Background

The secretome is a complete set of proteins secreted by cells into the extracellular space [1]. In a cell culture system, the secretome can be profiled from conditioned medium, which is a cell culture medium containing secreted proteins and signaling factors released by the cells during incubation under defined conditions [2]. Mass spectrometry–based proteomic analysis of the secretome is an established strategy for studying extracellular communication, discovering biomarkers, and identifying therapeutic targets [3,4]. In parallel, large-scale mapping of the human proteome highlights the importance of capturing both abundant housekeeping proteins and rare, tissue-specific factors in secretome studies [5]. However, secretome proteins are often present at very low concentrations and are masked by highly abundant serum proteins such as albumin and immunoglobulins [6], which complicates mass spectrometry analysis.

These challenges intensify when processing large volume samples (>5 mL), as often required to obtain sufficient secretome, particularly with primary cells or low-secreting cultures. Without rigorous sample processing, low-abundance proteins like cytokines and chemokines are frequently lost, while high-abundance proteins overshadow the results [6].

Early comparative work established in-gel digestion followed by LC–MS/MS as a robust strategy for protein identification, but this approach is labor-intensive, biased toward higher-abundance proteins, and suboptimal for low-molecular-weight cytokines [7]. More recently, systematic benchmarking studies demonstrated that acetone precipitation with in-solution digestion improved reproducibility and enhanced recovery of small-secreted proteins [8]. However, these protocols were primarily optimized for small input volumes (≤ 2 mL) and did not adequately address challenges of serum protein contamination or scalability.

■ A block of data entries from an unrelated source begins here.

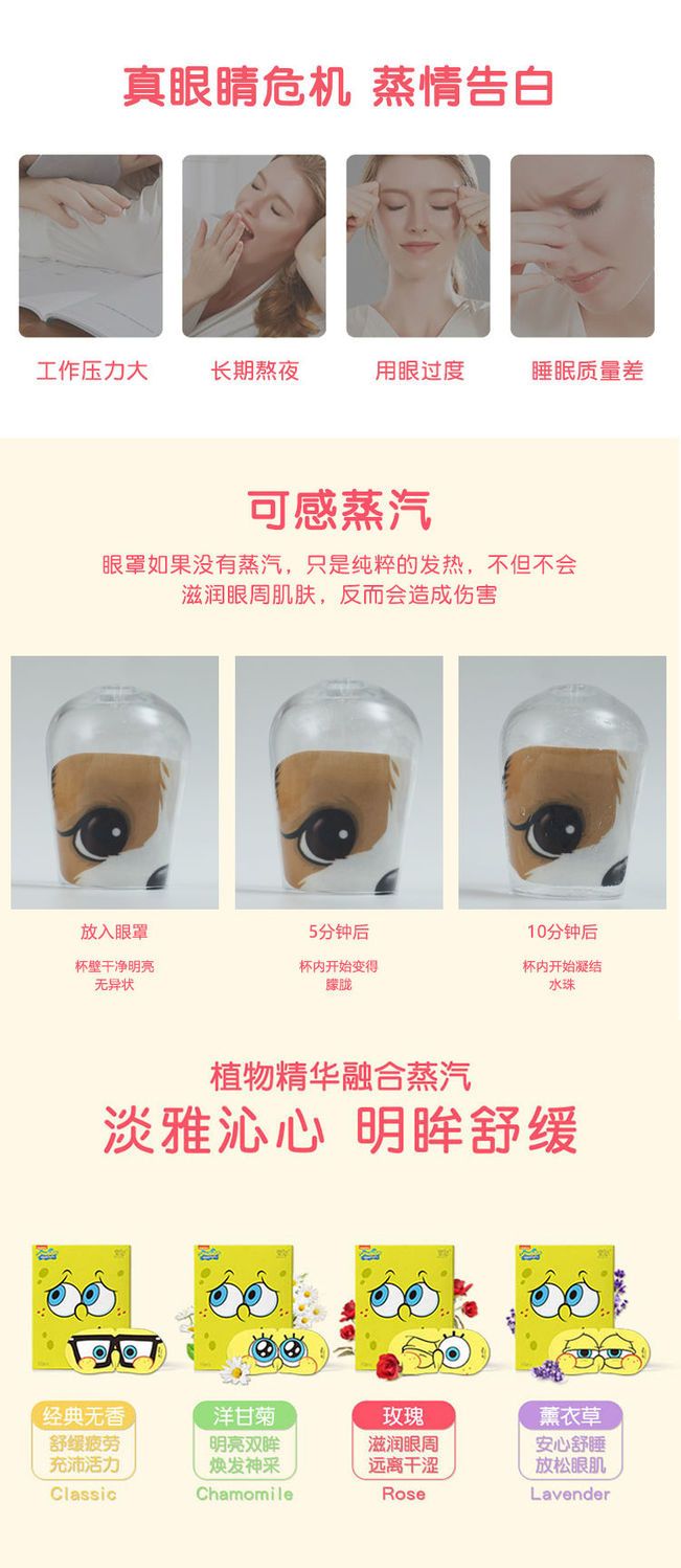 萱草海绵宝宝蒸汽眼罩睡眠男女遮光睡觉发热敷眼贴护眼缓解眼疲劳
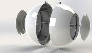 Aby powstał efekt widmowy reprezentujący obraz o dobrej jakości o liczbie kolorów większej niż podstawowa gama 6 barw, konieczne jest uzyskanie dużej prędkości obrotowej linijki diodowej. Skonstruowana wirująca cześć kulistego wyświetlacza ma spore opory powietrza, co przeciwdziała ruchowi. Dla zmniejszenia oporów powietrza i podwyższenia szybkości wirowania zaprojektowano czteroelementową obudowę o kulistym kształcie, która została wydrukowana na drukarce 3D z materiału ABS. Płaszcz obudowy jest cienki, co przekłada się na jej niewielki ciężar, zaś konstrukcję usztywnią odpowiednio rozlokowane żebra. Jej projekt pokazano na rysunku 6.
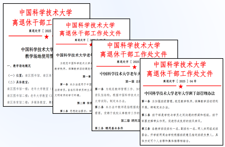 时间向前,步履不停。在这充满变革与奋进的一年里,回望2025年,这是“十四五”规划的收官之年,也是“十五五”规划谋篇布局的重要起步之年。随着国家发展进入新阶段,中国科大离退休工作也在时代的潮流中迈出坚实步伐,积极响应国家战略布局,紧紧把握发展机遇,不断提升服务质量,满足老同志们日益增长的精神文化需求。
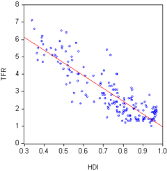 The effect of all these factors can be summarized with a plot of Total Fertility Rate against Human Development Index (HDI) for a sample of countries. The chart shows that the two factors are inversely correlated, that is, in general, the lower a country’s HDI the higher its fertility.
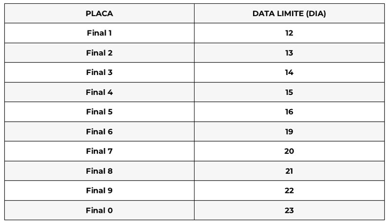 Outra opção é o pagamento à vista no mês de fevereiro, sem desconto, ainda seguindo as datas do final de cada placa.
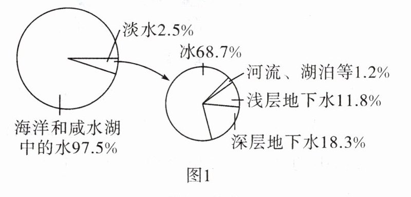 ① 由图 1 可知,可供人类直接利用的淡水资源占地球水量的 2.5%。

To overcome these limitations, we developed an optimized protocol specifically designed for high-volume secretome samples (>5 mL) [9]. This workflow integrates three complementary steps: (i) 50 kDa ultrafiltration to generate both concentrate and filtrate fractions, (ii) spin column depletion [10] of abundant serum proteins, and (iii) acetone/TCA precipitation to maximize protein recovery. By processing both the filtrate and depleted concentrate in parallel, the protocol ensures balanced recovery of low-abundance cytokines and chemokines alongside high-molecular-weight extracellular matrix proteins, while minimizing background interference and serum protein contamination. The overall workflow is illustrated in Figure 1.

Figure 1. Workflow for optimized secretome preparation for LC–MS/MS analysis. Conditioned medium is first clarified by centrifugation (500× g, 5 min, 4 °C) and filtered through a 0.22 μm low-protein-binding filter to remove cells and debris. The clarified medium is then concentrated using Amicon Ultra-15 centrifugal filters (50 kDa MWCO), yielding approximately 100 μL of concentrate and 15 mL of filtrate, depending on the initial sample volume. The concentrate is subjected to HSA/IgG depletion to eliminate abundant serum proteins. The depleted concentrate and filtrate are then combined to generate a comprehensive secretome sample, which is subsequently precipitated, digested, and analyzed by LC–MS/MS. This workflow maximizes recovery of both low- and high-molecular-weight secreted proteins while minimizing background from serum components.

This method demonstrates improved sensitivity, reproducibility, and scalability compared to previous protocols. It maintains the identification capabilities of acetone precipitation workflows and extends their use to high-volume samples, which are often necessary for primary or low-secreting cultures. Additionally, it overcomes the reproducibility and coverage limitations associated with in-gel digestion-based approaches and outperforms ultrafiltration-only methods that do not efficiently recover low-molecular-weight proteins. Therefore, this optimized workflow offers a robust and adaptable solution for comprehensive secretome profiling, making it particularly advantageous for biomarker discovery pipelines that require broad dynamic range, scalability, and reproducibility.